The start to the new year might be a bit slow. For standard business, it seems that the industry is reasonably well covered and most managers will now be looking to see how things develop in the real world after people start working for real with the budgets for 2014 that were made at the end of September last year. The positive outlook in the automotive industry is, from our vantage point, the only thing that is a reliable basis for business in the first half of 2014. Although price negotiations are tough and we hear that many of the new contracts are not yet signed, there is no way the production lines can be stopped just because leather is not going to be supplied. So, one way or another the conflict will be solved.
For other markets we are not as confident. Even the luxury segment is not as optimistic and almost all brands are discussing the possibility of a little slow down in growth, although, overall, hardly any of them are considering that their success stories will not continue in 2014. With the recent turmoil in many countries and uncertainty about China, we are not willing to bet 100% on this market. We hear from many sources that in particular in Asia a lot of luxury products have been delivered to shops and many new shops have been opened that need to be furnished, but many of the shop owners and the franchise companies are not happy with sales and turnover. Real sales are lagging well behind the projections. What is a bit difficult to judge because of missing data is if online sales are compensating for the missing ones in stores. This might be something to be monitored in the months to come. However, we agree that production lines will be busy, which will keep demand reasonably steady in the short term. In addition there are also companies that are sitting on the fence with regard to the leather business. Some non-leather brands have reached the limit with their core products and are now looking for growth in add-ons or new marketing options with other articles.
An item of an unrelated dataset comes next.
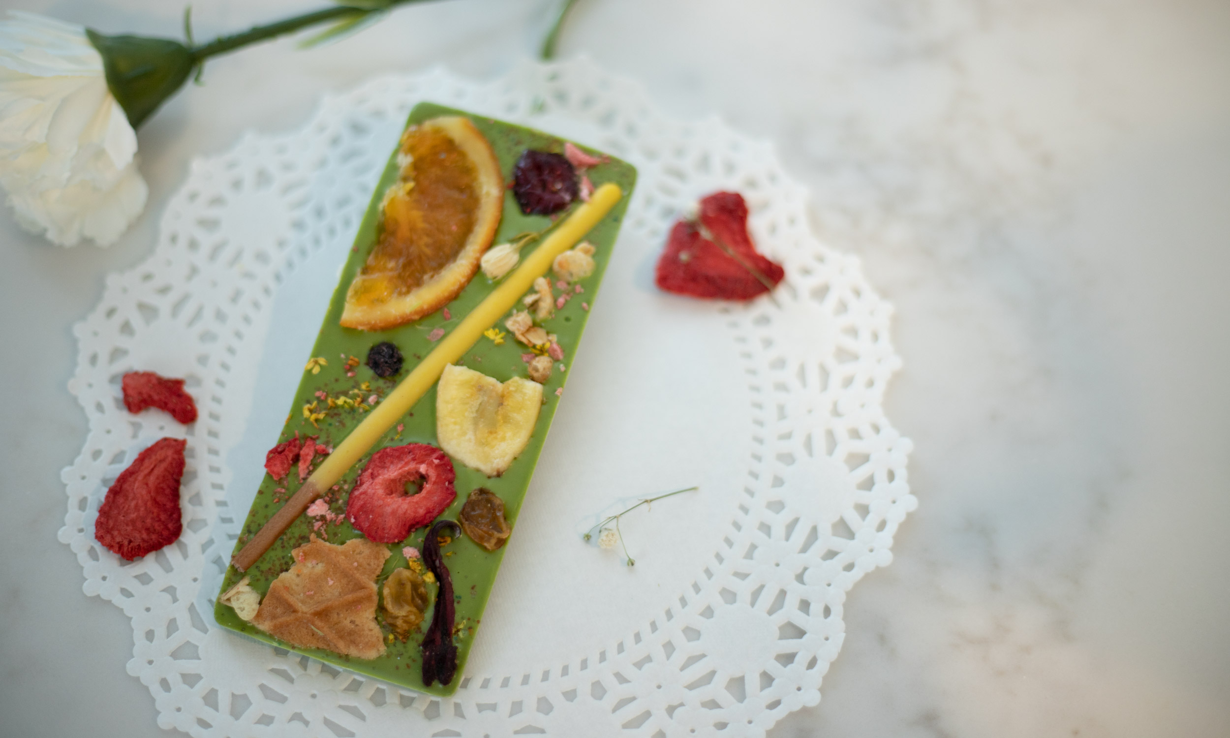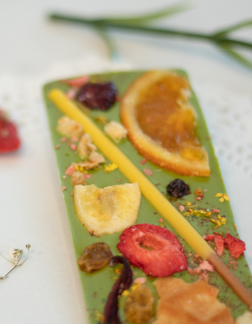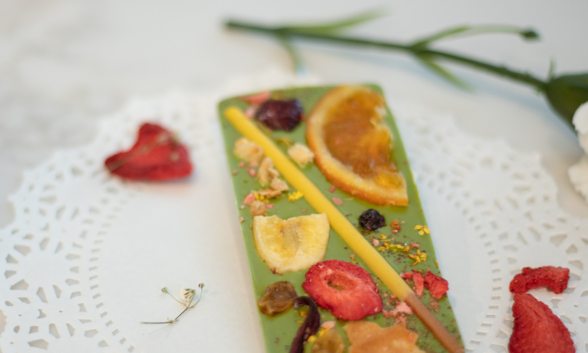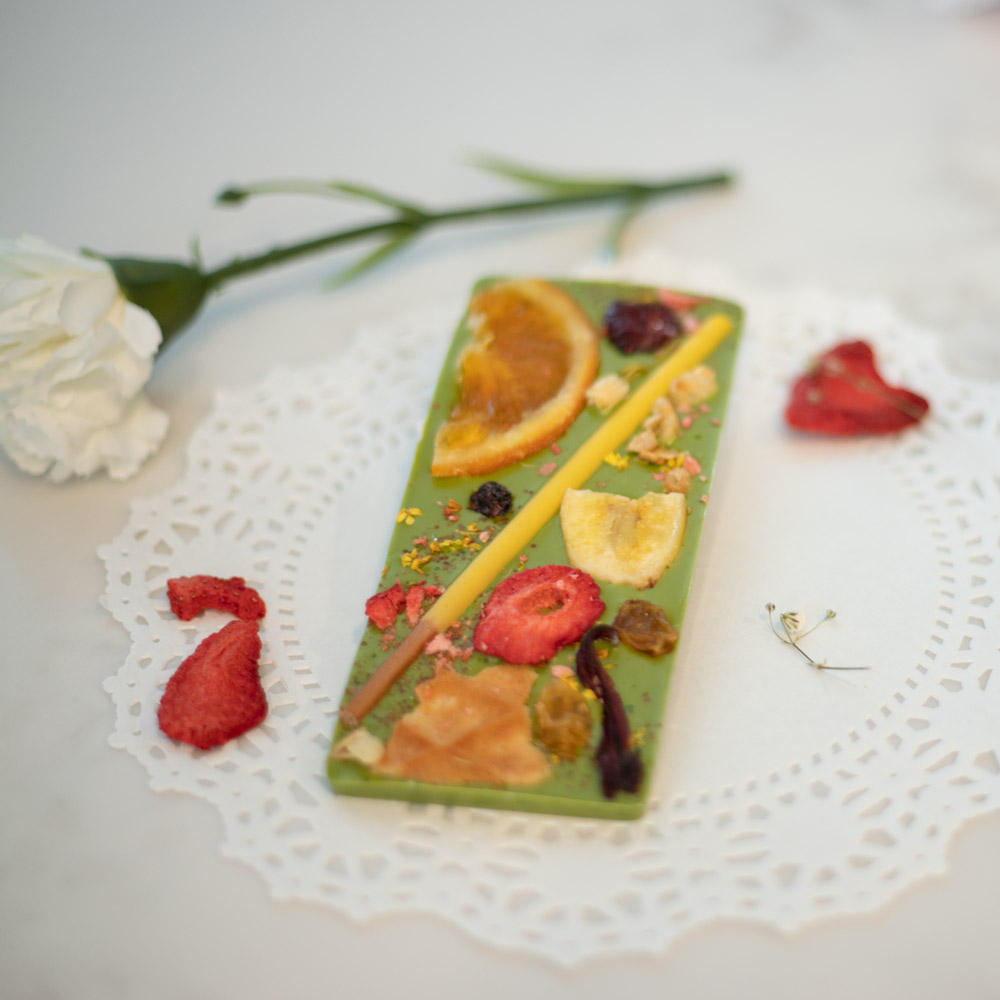 Give Me All with the matcha chocolate base. For the matcha chocolate lover who wants to try all the toppings at once. Toppings including fruits, cookies, flowers, sprinkles, nuts, crisp granola...etc. We gathered all the tasty toppings and combine them with our silky, yummy chocolate base. Hey you know one will not be enough!
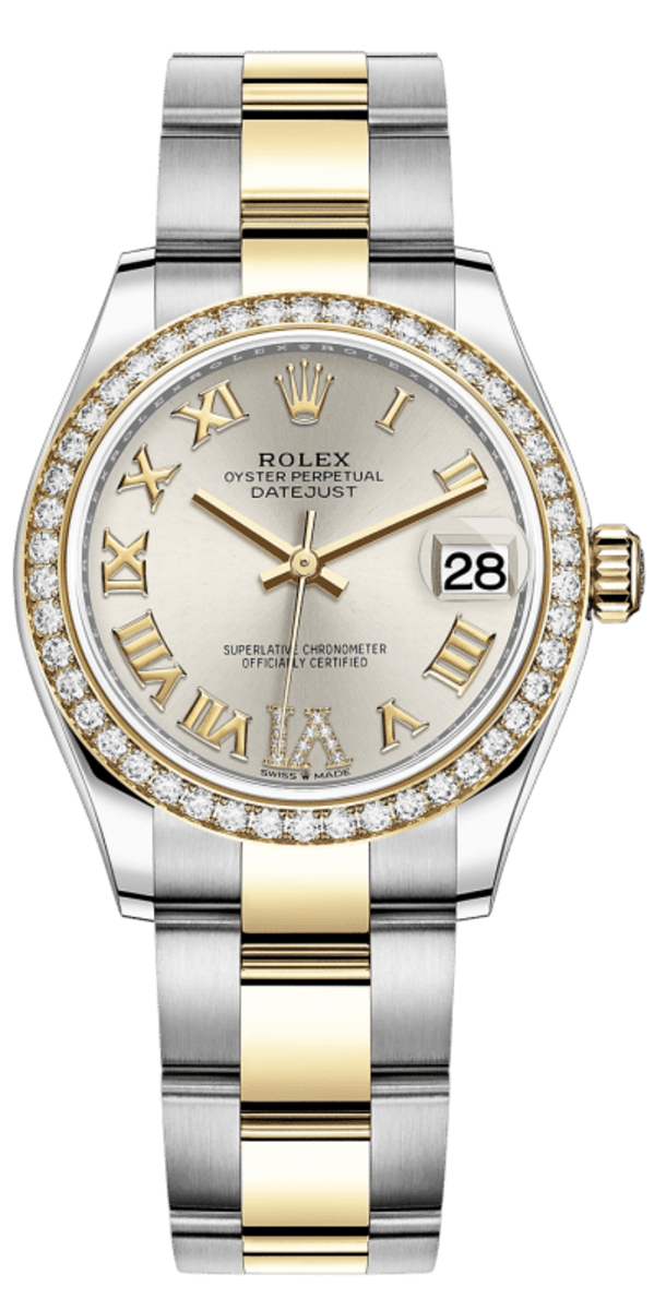 Brand New Rolex Datejust 31 Stainless Steel and Silver Pave Roman Dial Diamond Bezel Women’s Luxury Watch Model M278383RBR-0003. Yellow Rolesor Case (combination of Oystersteel and ) case with and Stainless Steel Oyster Style Bracelet. watch band. Crownclasp clasp. Fixed Set with Diamonds bezel. Dial description: Tone Hands and Roman Numeral Hour Markers, Paved Set VI Hour Marker. The Date Displayed at 3, on a Silver Dial. dial. Automatic movement. 55 hours power reserve. Watch functions: Date, Power Reserve, Hour, Minute, Second. Screw In crown. Scratch Resistant Sapphire crystal. Round case shape. Case size: 31mm. Solid case back. 100 Meters – 330 Feet water resistant.

To close this first issue of 2014 we have to say that we would be optimistic about the leather pipeline and about the vast majority of companies involved if only leather could become accepted with all its natural defects. We have no idea if the ‘vintage’ trend will persist and our friends in the fashion industry are no better informed, but it could prove interesting if it does continue. In previous years it was all flawless, natural, ‘defect-free’. What fantastic opportunities it would offer manufacturers and designers if the naturalness and beauty of leather could break through in 2014. Some trade veterans might remember that we had this once already in the early 1970s when upholstery leather had to be full of insect bites and brand-marks to prove it had an outdoor story and ‘flair of the prairie’ qualities. Good luck. Happy New Year.